Dorothy P. Roache appeals the final order that dismissed her complaint with prejudice for failure to comply with discovery orders. We reverse and remand for further proceedings.

During the course of discovery, appellant submitted a response to appellee’s initial request for production, answers to interrogatories, a response to appellee’s second request for production, two supplemental responses to the requests for production, and two supplemental answers to the interrogatories.
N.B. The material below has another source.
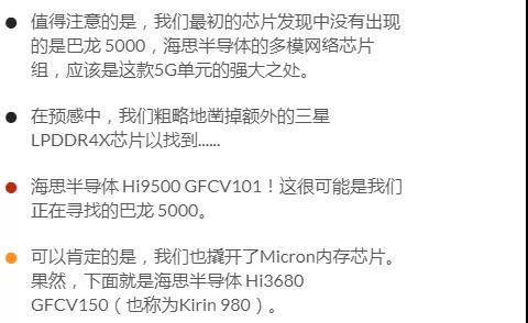 當(dāng)他們用刀揭開三星LPDDR4X芯片后,就發(fā)現(xiàn)了海思Hi9500 GFCV101芯片,而這就是巴龍5000 5G基帶芯片了。這也是首次在實(shí)際手機(jī)中看到的5G基帶芯片,而且這也是目前發(fā)現(xiàn)的首款擁有內(nèi)存的基帶芯片。

She also gave a four hundred forty-four page deposition and agreed to make her “bulky” books and records available to appellee for inspection or copying.

Appellee filed a motion for sanctions that sought “an Order striking [appellant’s] pleadings and dismissing [appellant’s] Complaint in the event that documentation sought by [appellee] ... is not produced unthin ten (10) days or, in the case of bulky business records, is [sic] not produced no later than 72 hours prior to any depositions scheduled in Jamaica.” [Emphasis added.]1 At the hearing, the trial court entered the appealed order.

We hold that the trial court abused its discretion when it immediately struck appellant’s pleadings and dismissed her complaint in response to the motion that only sought those sanctions if compliance did not occur in the future.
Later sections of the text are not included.